The reason the point matters in this context is that it poses a problem for any legal regime that depends on a distinction between data and information. Scalia mocks the dissent for its proposal that the thermal imaging device “makes an inference” about what it “sees,” but that seems to be more of an artifact of the machine processing things not ordinarily on the visible spectrum than any sort of legal principle. Indeed, this doesn’t work as a legal principle at all. On the one hand, as noted above, the Court had already signed off on a couple of cases (Florida v. Riley and California v. Ciraolo) which are easily read as the reductio of this principle. In those cases, the pot-growers had shielded their plants from the street (with a fence or a greenhouse). The police flew over with some optical technology (in one case at 400 feet, in the other at 1000), saw the plants, and obtained their warrants. In explaining why this was not a search, the Court proposed that the plants would be visible to anyone flying through the airspace on a commercial plane. It would be very hard to argue that there was less technological augmentation of vision in this case than in the thermal imaging case, and certainly the big lenses “represent” the view of the greenhouse as much as the thermal device. It’s only a difference in frequency.
On the other hand, the entire jurisprudence of “plain view” becomes unstable. If you’re a police officer looking for something, it’s to your advantage to argue that it’s in “plain view,” since then seeing it doesn’t require a search: plain view is per se information (see Poe’s “Purloined Letter” for literary confirmation). In a different case, however, the Court considered a situation where the police entered an apartment looking for weapons, noticed the very fancy stereo in the very un-fancy apartment, looked at the back of the turntable to get its serial number, called that in, and thereby discovered the TV was stolen. The Court ruled that the numbers were out of plain view, and so required probable cause to investigate.

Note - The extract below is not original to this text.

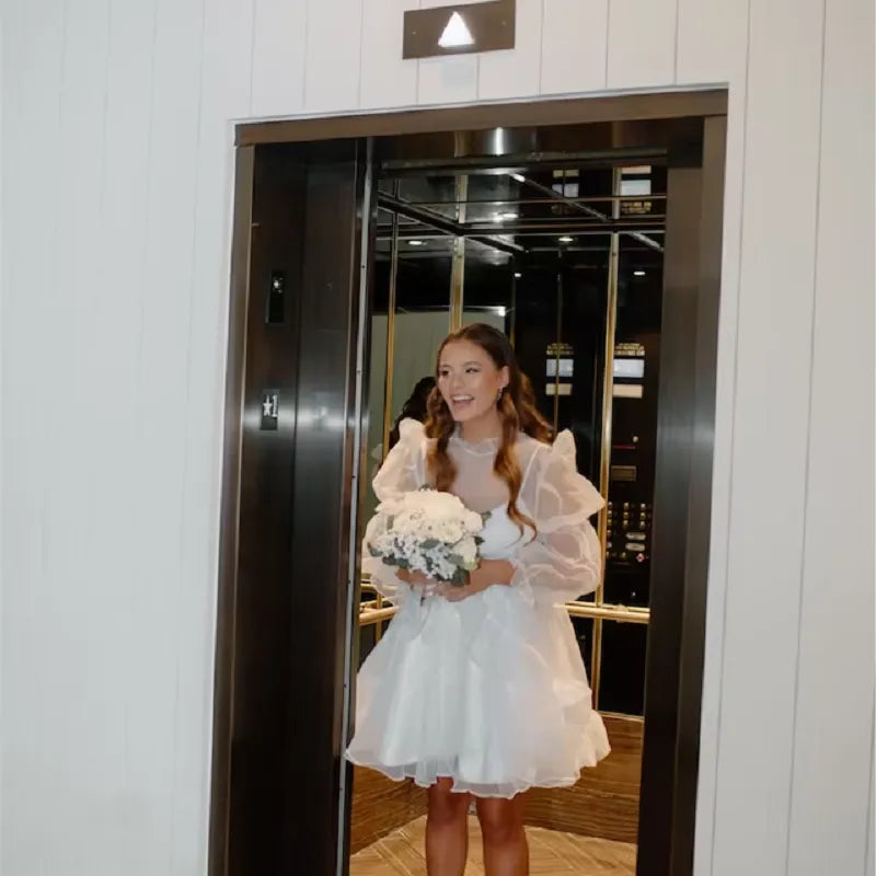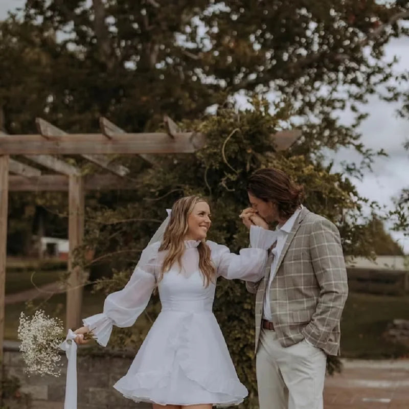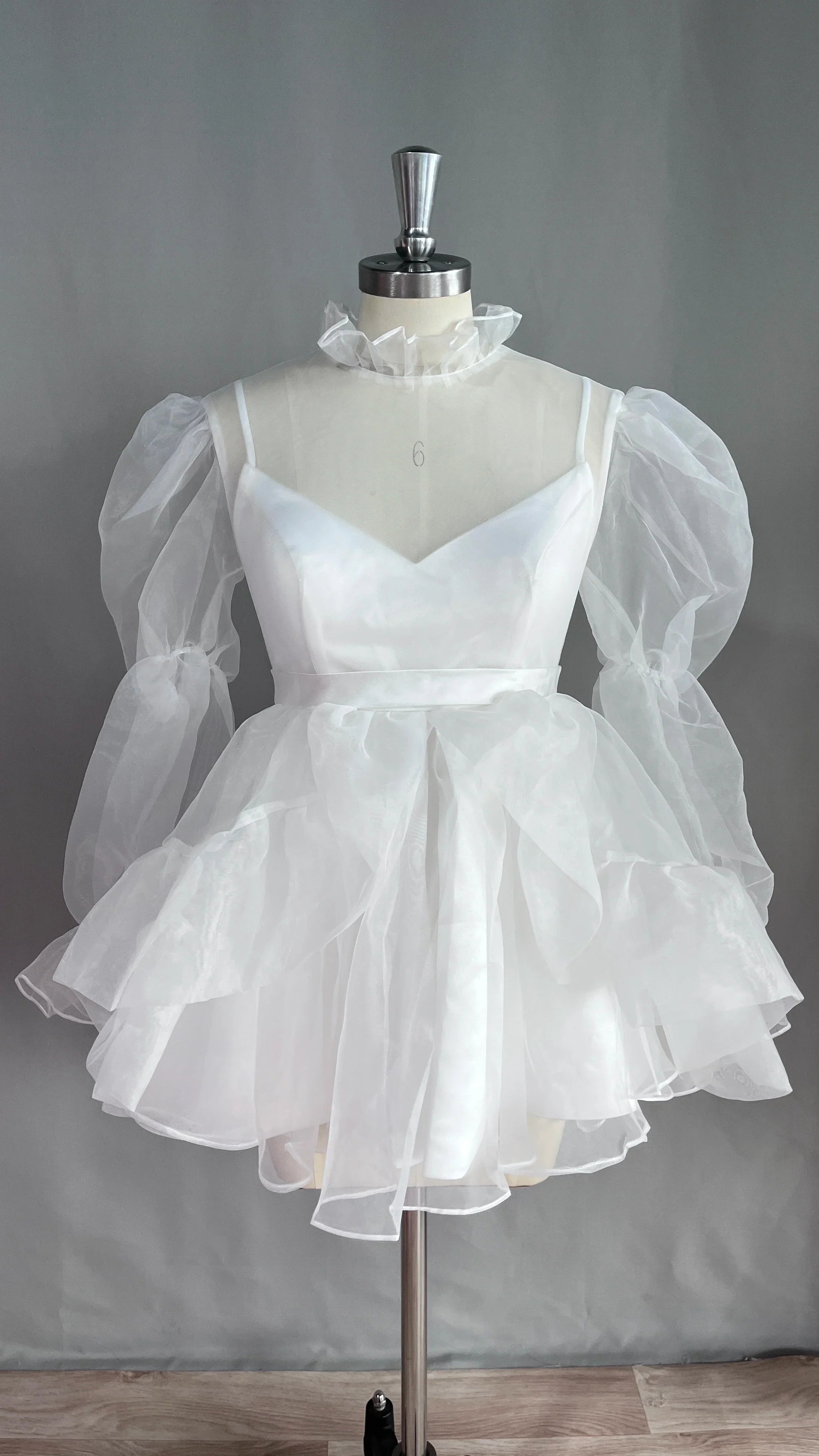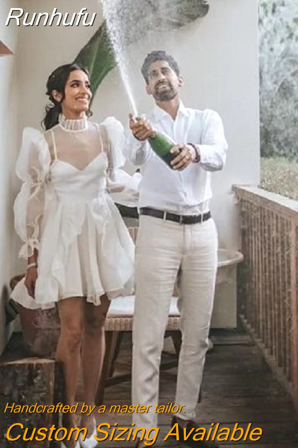 Runhufu Short Wedding Dress 2024 Long Puff Sleeves High Neck A-Line Mini Tulle Bridal Gowns Knee-Length Formal Vestidos De Novia

The cases can be reconciled if one assumes that anything accessible to something like line of sight, no matter the technological enhancement of vision required, is in “plain view” or otherwise per se informative. Anything else, from turning the object around to detecting infrared spectrum, constitutes an act of representation that triggers the juridical determination of a “search.”
The problem is that if we admit the phenomenological point, and say that all seeing is seeing-as and therefore involves an act of representation, then either everything is a search, or nothing is. On the one hand, for me to see that you’re growing pot on the front porch requires that I know what pot looks like (and what if I normally wear contact lenses?), and perception is in any case an extremely complicated process. Acknowledging this complication could easily overwhelm the “plain view” category. On the other hand, if we move in the other direction, and decide that since vision is representative, then other technologies are like vision, it will be very hard to establish any sort of non-arbitrary limit to surveillance. In other words, if you eliminate the category of the per se informative, Scalia’s argument in Kyllo no longer works. And as odd as it is to say this, our privacy jurisprudence in an age of big data needs Scalia’s argument to work.